Credit Recovery | Litigation Claims Portfolios: 5 Essential Aspects for Investors

The secondary market for litigation claims has attracted a growing volume of capital, given the potential for returns exceeding those of traditional assets.

The investment decision, however, cannot rest on the discount alone: it requires technical underwriting of the case, the debtor, and the broader economic context in which the claim sits.

Below are 5 essential considerations for anyone looking to acquire portfolios of this kind:

1. Case maturity and re-underwriting risk: Claims still at the trial-court/merits stage, subject to appeal or re-litigation, carry a different risk profile than claims already in the enforcement stage, with a lien or attachment already perfected. Mapping the actual procedural posture of each case is essential, since matters that appear advanced can regress due to procedural nullities or the reopening of deadlines.

2. Debtor and corporate group financial condition: A claim may have originated as liquidated and due, but its collectability depends on the debtor’s current financial standing, not its standing at origination. Investors should check for recent protests, other pending enforcement actions, and signs of balance-sheet erosion or asset stripping – including at the level of the debtor’s corporate group;

3. Pricing methodology and data quality: The discount only holds up when derived from consistent underwriting assumptions – probability of success, expected time to recovery, and a discount rate appropriately calibrated to risk. Investors should require full, auditable data from the seller to avoid models that underestimate duration risk;

4. Economic viability of the recovery strategy: Not every claim supports the same collection path. Investors need a realistic estimate of the cost and time to full recovery – factoring in attorneys’ fees, court costs, and the liquidity of leviable assets – so that enforcement costs don’t erode the expected return.

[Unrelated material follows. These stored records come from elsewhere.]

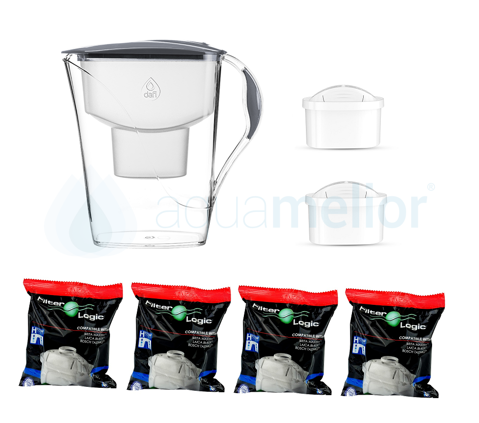 Dafi LUNA 3,3 litra, STALOWY dzbanek do wody z filtrem 2 szt. Unimax + 4 szt. filtrów FilterLogic FL-402H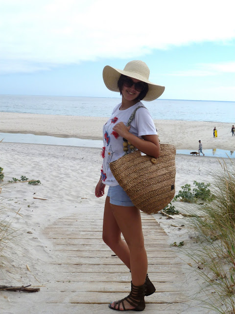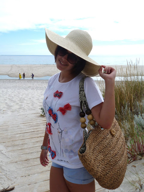 qué bonita la camiseta, es muy original! y la cesta para la playa me encanta 🙂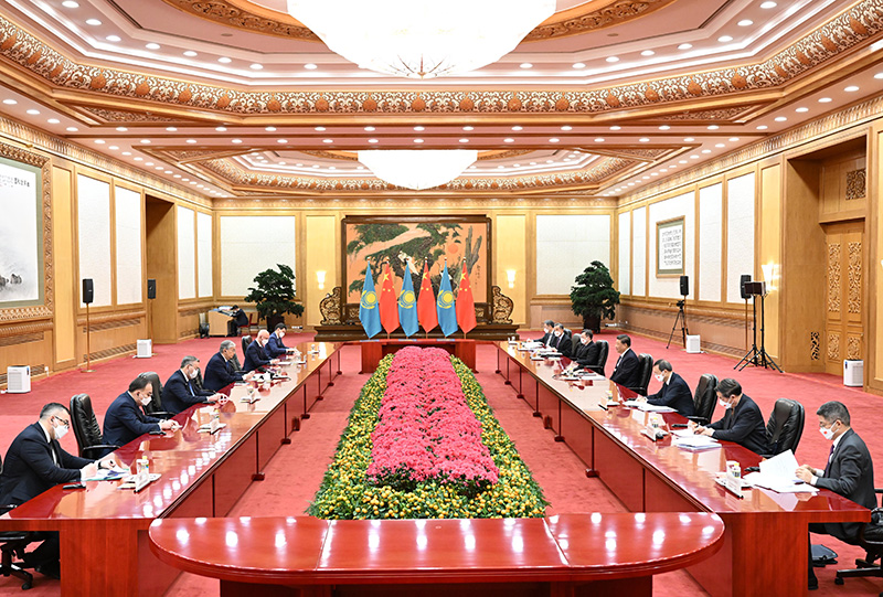 2月5日上午,国家主席习近平在北京人民大会堂会见来华出席北京2022年冬奥会开幕式的哈萨克斯坦总统托卡耶夫。新华社记者 李响 摄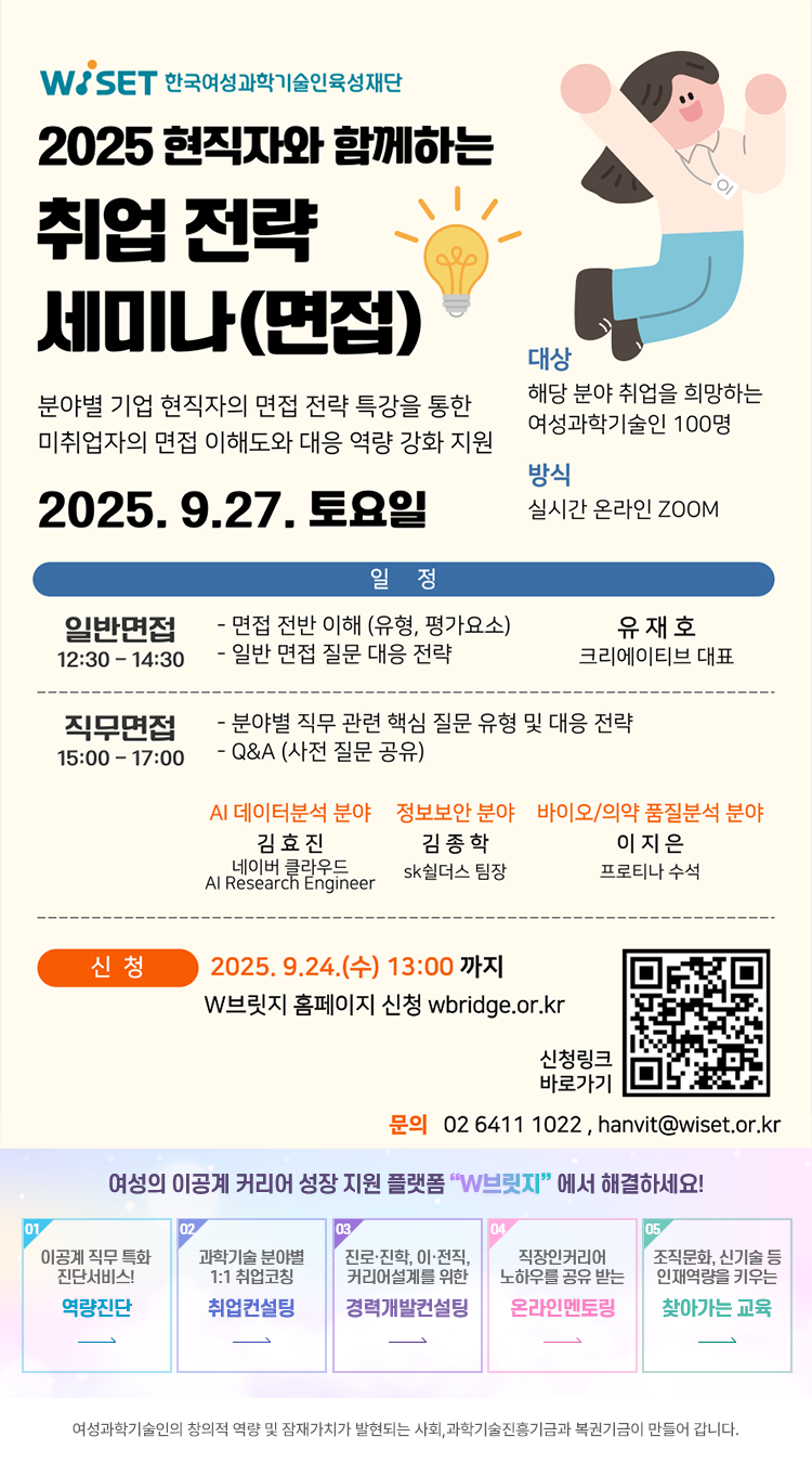 ◾ 대상: 해당 분야 취업 희망 여성과학기술인 100명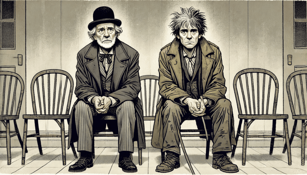 Vladimir och Estragon väntar på vård. Deras väntan är repetitiv och mållös, vilket skapar en känsla av meningslöshet och frustration.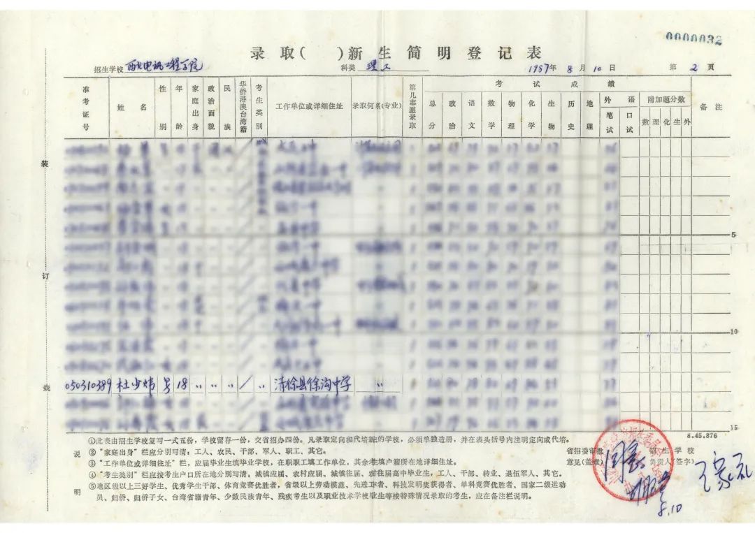 ▲杜少煒錄取登記表(西電檔案館館藏)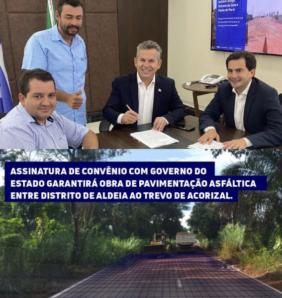 CONVÊNIO ENTRE GOVERNO DO ESTADO E PREFEITURA MUNICIPAL, TORNARÁ REALIDADE O ASFALTO ENTRE O DISTRITO DE ALDEIA AO CENTRO DA CIDADE DE ACORIZAL. O Prefeito Diego...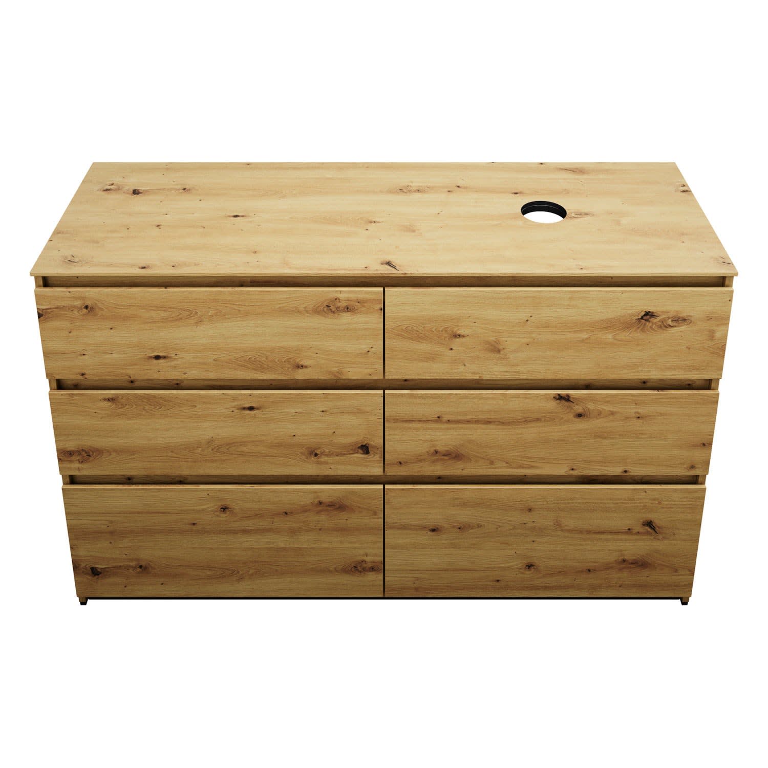 burgbad Lin20 Waschtischunterschrank mit Konsolenplatte 140 cm, 6 Auszüge, Beckenausschnitt rechts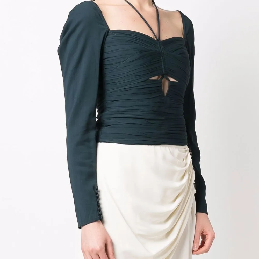 Плиссированная модель, завязки вокруг шеи, вырез в форме сердца, объемные рукава, потайная застежка на молнии сзади и вырезные детали.
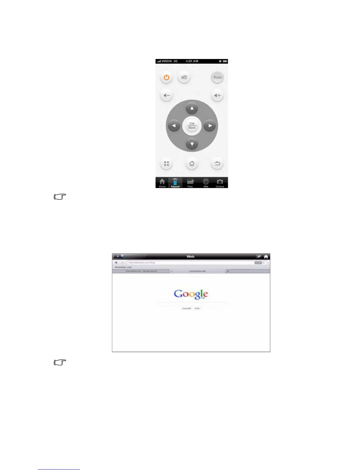 2. Control the projector remotely with your mobile device through Wi-Fi network.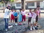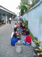 Tidak ada kesan capai tergambar di wajah-wajah mereka. Celoteh-celoteh riang menyertai aktivitas menghias tong sampah. Suasana bermain yang tercipta membuat anak-anak lupa pada kenyataan bahwa mereka sedang bergumul dengan tong sampah. Benda yang dua hari sebelumnya mereka singkiri karena dianggap menjijikkan, kotor dan berbau.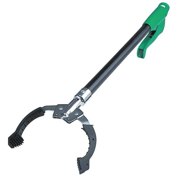 Trash Grabber, Squeeze Handle, 20 1/2 in L, 4 1/4 in Grabber Opening, Steel, Green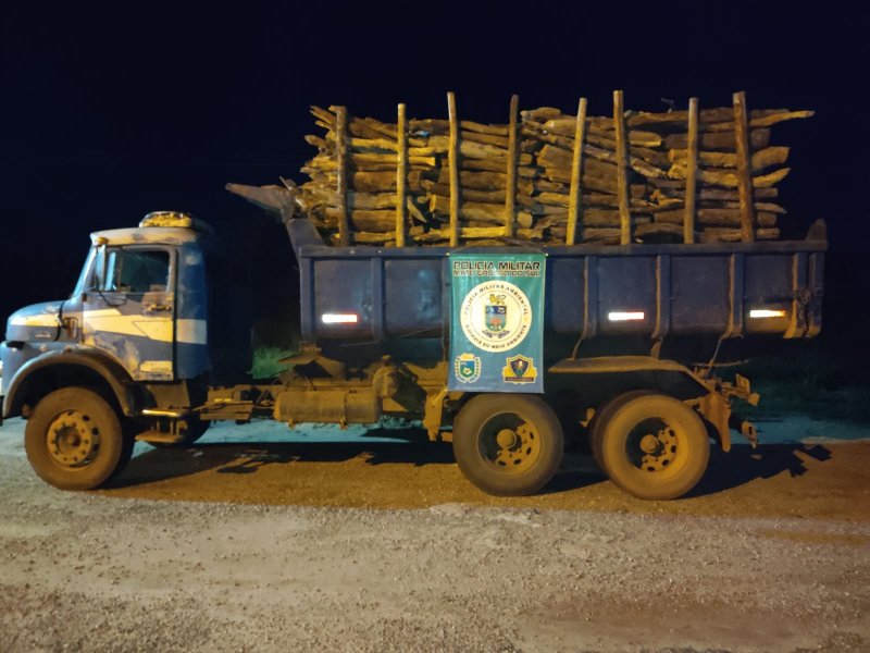 Polícia Militar Ambiental de Miranda apreende caminhão com 19 m³ de madeira ilegal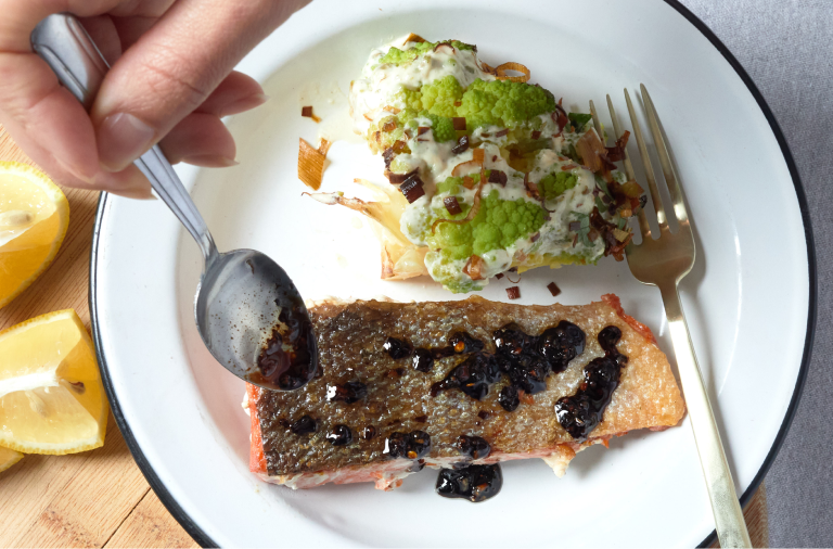 Voila! Plate the salmon and spoon the pan sauce over the top. Serve with your favorite side dish… it’s great with a hearty risotto and green salad, but in this iteration we enjoyed it with our Whole Roasted Romanesco.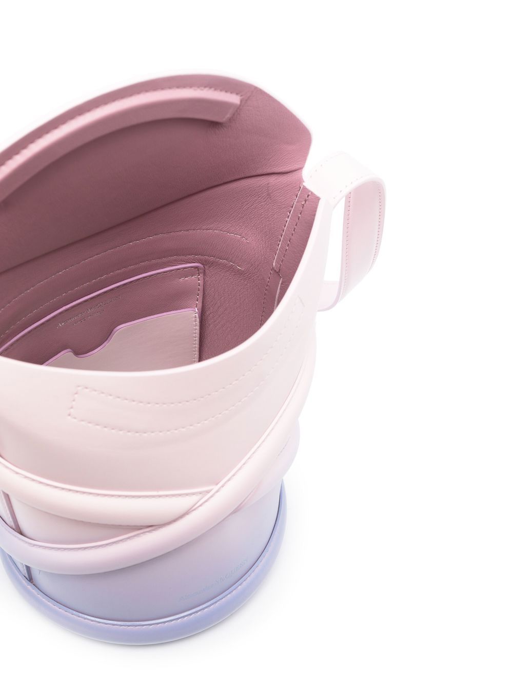 gradient-effect bucket bag from Alexander McQueen featuring light pink, light purple, calf leather, gradient effect, bucket body, crossover strap detail, debossed logo to the front, debossed logo to the rear, adjustable shoulder strap, magnetic fastening, main compartment and internal card slots.

5. Portfolio concentration risk: Portfolios concentrated in a small number of debtors, a single economic sector, or a single venue expose investors to systemic risk that case-by-case underwriting won’t capture. Assessing diversification matters as much as assessing the quality of each individual claim.

Acquiring litigation claims portfolios is a sophisticated transaction combining legal, procedural, and financial analysis. The discount only translates into actual return when due diligence drives the investment decision.